Still, I can't help wonder how differently things might have been if the neighborly love and hospitality Dylann Roof received from the pastors and people of Emmanuel AME Church on that fatal night had been a recurring and consistent part of his life?

I'm not blaming the victims, I'm making the observation that one hour of love caused a hate-filled man to pause for a moment. A lifetime of love and he might never have conceived his murderous mission.

For every friend, relative, website, blog, video and symbol that espoused hatred and violence, there ought to have been a contrary voice of love, reconciliation, peace and acceptance. Rather than turning to bullets, Roof himself might have been "killed" by kindness.

Sadly, we can't change what happened in Charleston.
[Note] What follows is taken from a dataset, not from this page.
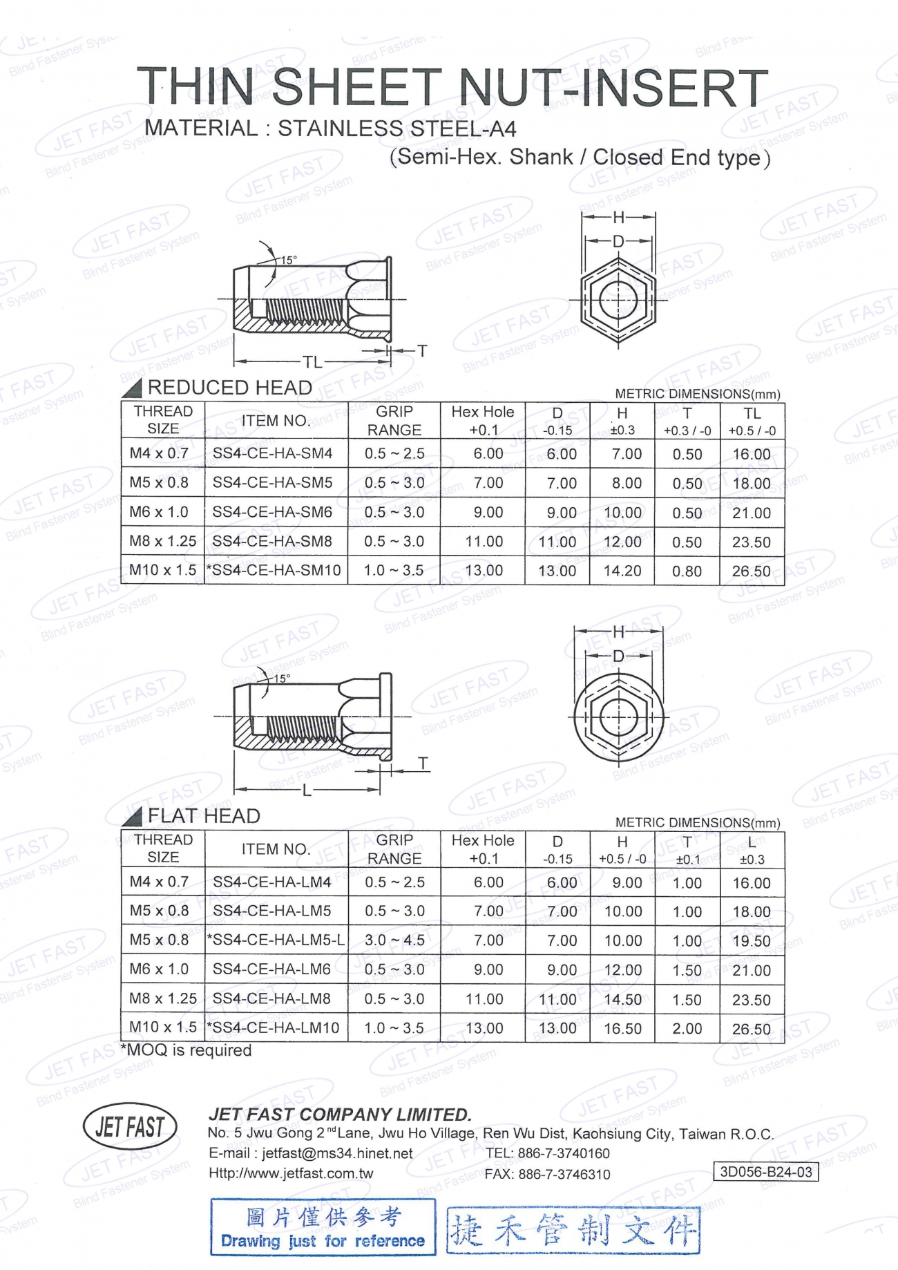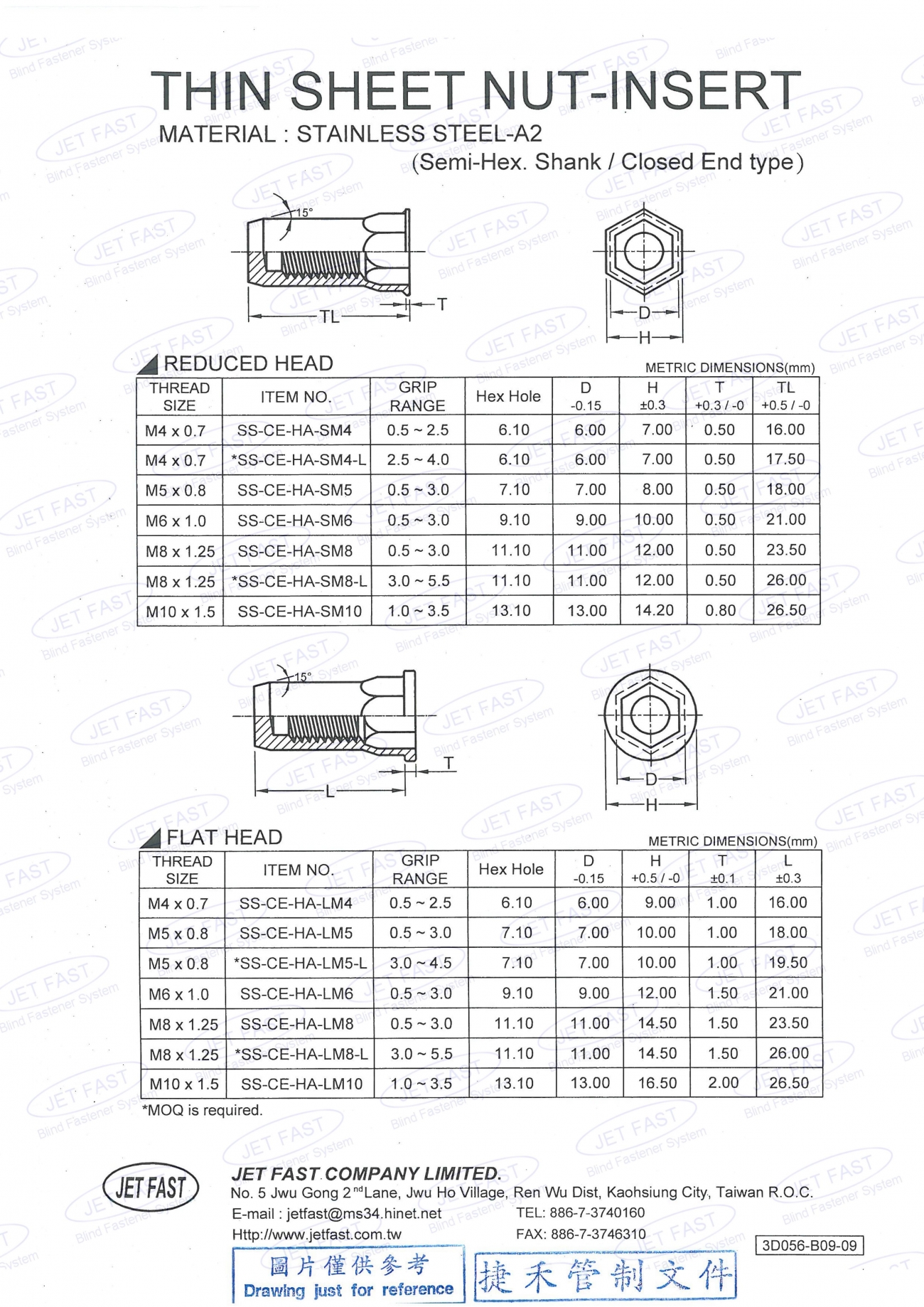 Metal Rivet Nut - SS A2/A4 - Closed End Type (SS-CE-HA) Metal Rivet Nut - SS A2/A4 - Closed End Type (SS-CE-HA)

But we can change what happens next and what happens here.

This is a watershed moment, a defining point when we must engage, all of us, in the ongoing work of racial justice, equity and reconciliation. We must pledge to ourselves and each other to shed water on the arid, dry, parched people we encounter that espouse hatred and violence.

Let's take personal responsibility for speaking truth in our circles of influence. Whether in your country club or community center, on the polo ground or playground, in the board room or the back room—speak enlightenment in the face of ignorance, tout inclusion to counter intolerance, and sabotage stereotypes with facts and personal anecdotes.

Racism, prejudice and hatred cannot go unchecked if we make it our personal responsibility to stand up for the higher good and what is just and right.

We must be cross-culturally proactive, all of us, rather than waiting for racism to rear its ugly head. Volunteer, serve, engage and find a place and way to get personally involved with people from a culture and context that is different from your own.

Dylann Roof destroyed African American lives, as he intended. It appears he proceeded alone, but his actions nonetheless are part of this country's sordid serial history of white violence against blacks.

We must commit ourselves to building and enriching African American lives, not because black lives matter, although they surely do. But because all lives have equal value and we should all matter to each other.


Mourners gather at Emanuel AME Church in Charleston, South Carolina.